The United States immediately recognized the junta as illegitimate after the blatantly unconstitutional vote to remove Yanukovych from power, which itself was based on a known false flag operation:
- "So the chief of the government's security forces, the head of the opposition's security forces, and the snipers themselves all admit the snipers were killing both protesters and police."
And if that wasn't enough, the Vice President's son woke up one morning and just happened to find himself a top executive at a Ukraine energy company.
- "Isn't that a bit fishy? Why do you say that?
Because he's the vice-president's son! That's a coincidence. "This is totally based on merit," said Burisma's chairman, Alan Apter.
He doesn't sound very Ukrainian. He's American, as is the other new board member, Devon Archer.
Who?
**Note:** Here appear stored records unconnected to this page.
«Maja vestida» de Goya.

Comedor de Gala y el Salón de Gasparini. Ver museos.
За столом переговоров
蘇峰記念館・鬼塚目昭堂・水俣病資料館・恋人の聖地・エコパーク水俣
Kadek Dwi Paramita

Devon Archer, who works with Hunter Biden at Rosemont Seneca partners, which is half owned by Rosemont Capital, a private equity firm founded by Archer and Christopher Heinz.
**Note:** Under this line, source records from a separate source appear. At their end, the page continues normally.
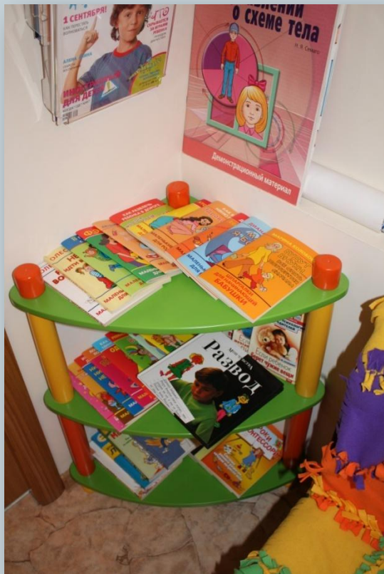
Библиотека для родителей
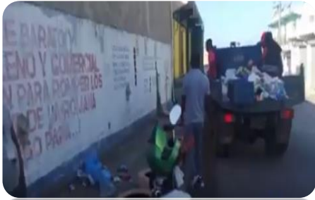
RECOGIDA DE BASURA EN EL BARRIO GEORGE.
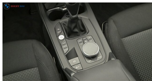
Mittleres der GADY Family

Who? Christopher Heinz...John Kerry's stepson."
The IMF also picked up their entire book of rules and threw it in a paper shredder to give the illegitimate government a legitimate loan:
- The IMF broke four of its rules by lending to Ukraine:
(1) Not to lend to a country that has no visible means to pay back the loan (the "No More Argentinas" rule, adopted after the IMF's disastrous 2001 loan to that country).
(2) Not to lend to a country that repudiates its debt to official creditors (the rule originally intended to enforce payment to U.S.-based institutions).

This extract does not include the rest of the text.